____ Information supplied

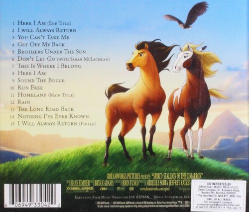 Details: Amazon.ca After a two-year gap, Bryan Adams chose the animated movie Spirit: Stallion of the Cimarron to make his triumphant return. The soundtrack is by no means a solo effort, but he has cowritten and sings on eight brand-new songs. Two of them are deemed so good they appear twice. The first of these, "Here I Am", is an uplifting tune that plays as the film's end credits. The other is the film's finale, "I Will Always Return", which seems like a statement on the artists' career. Of the others, the most interesting is the duet with Sarah McLachlan on "Don't Let Go", lending it a particularly atmospheric air with their combined breathy vocal stylings. This being a story of a mystical heroic horse, the lyrics are consistently upbeat and optimistic. Behind those lyrics is a collection of composers providing the melodies. Leading the team is Hans Zimmer, who's now an old hand at the animated genre (cf The Lion King and The Prince of Egypt). Towards the end of the album are four cues totalling 20 minutes of his instrumental score. These are perfectly in keeping with both the songs and Zimmer's style, featuring big orchestral themes overlaid with electronic augmentation. All together it's an hour of exactly what both artists do best. --Paul Tonks
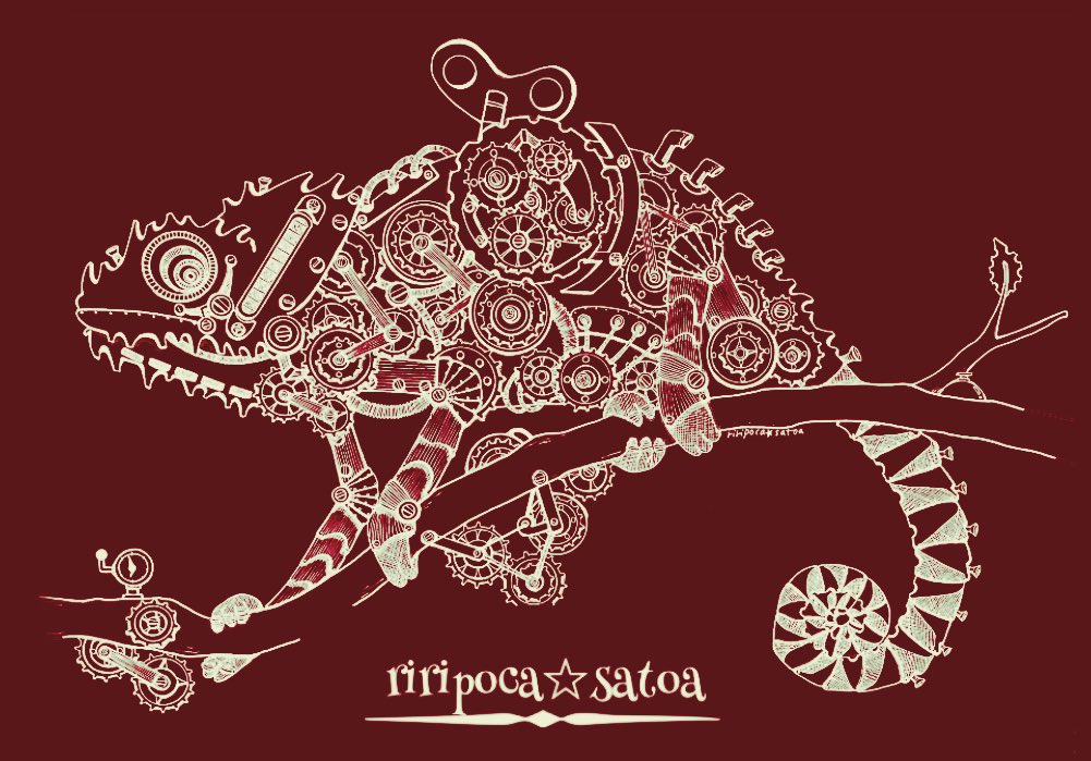 お疲れ様でした✨✨ ゆっくりお過ごし下さい♪♪♪ ⚙メカメレオン⚙ #スチームパンクイラスト #歯車イラスト #カメレオン #ペン画 #今日もありがとうございました #アトリエの系譜S #アトリエの系譜plus
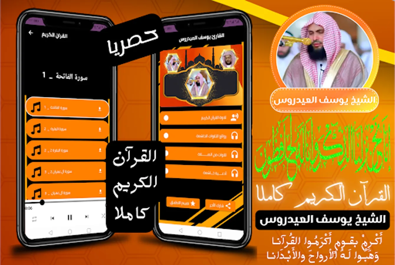 It is known that the reciter Youssef Al-Aidarous has a beautiful and wonderful voice that fills him with tranquility and calmness and takes you to another world of tranquility and psychological comfort. The voice of Sheikh Youssef Al-Aidarous must leave a beautiful impact on yourself and the application will help you to know the virtue of the Holy Qur’an over all speech and also the preference of persevering in reciting the Qur’an and listening To reciting the Noble Qur’an, and we hope that the reader application, Youssef Al-Aidarous, will help you download the Noble Qur’an in that and will help you in downloading and memorizing the Noble Qur’an with the voice of Sheikh Youssef Al-Aidarous

________

▶ Exercise prompt:
Return exactly what appears from the opening line of the material through the line with "お疲れ様でした✨✨ ゆっくりお過ごし下さい♪♪♪ ⚙メカメレオン⚙", apart from the pictures.

▶ Your solution:
 Details: Amazon.ca After a two-year gap, Bryan Adams chose the animated movie Spirit: Stallion of the Cimarron to make his triumphant return. The soundtrack is by no means a solo effort, but he has cowritten and sings on eight brand-new songs. Two of them are deemed so good they appear twice. The first of these, "Here I Am", is an uplifting tune that plays as the film's end credits. The other is the film's finale, "I Will Always Return", which seems like a statement on the artists' career. Of the others, the most interesting is the duet with Sarah McLachlan on "Don't Let Go", lending it a particularly atmospheric air with their combined breathy vocal stylings. This being a story of a mystical heroic horse, the lyrics are consistently upbeat and optimistic. Behind those lyrics is a collection of composers providing the melodies. Leading the team is Hans Zimmer, who's now an old hand at the animated genre (cf The Lion King and The Prince of Egypt). Towards the end of the album are four cues totalling 20 minutes of his instrumental score. These are perfectly in keeping with both the songs and Zimmer's style, featuring big orchestral themes overlaid with electronic augmentation. All together it's an hour of exactly what both artists do best. --Paul Tonks
 お疲れ様でした✨✨ ゆっくりお過ごし下さい♪♪♪ ⚙メカメレオン⚙ #スチームパンクイラスト #歯車イラスト #カメレオン #ペン画 #今日もありがとうございました #アトリエの系譜S #アトリエの系譜plus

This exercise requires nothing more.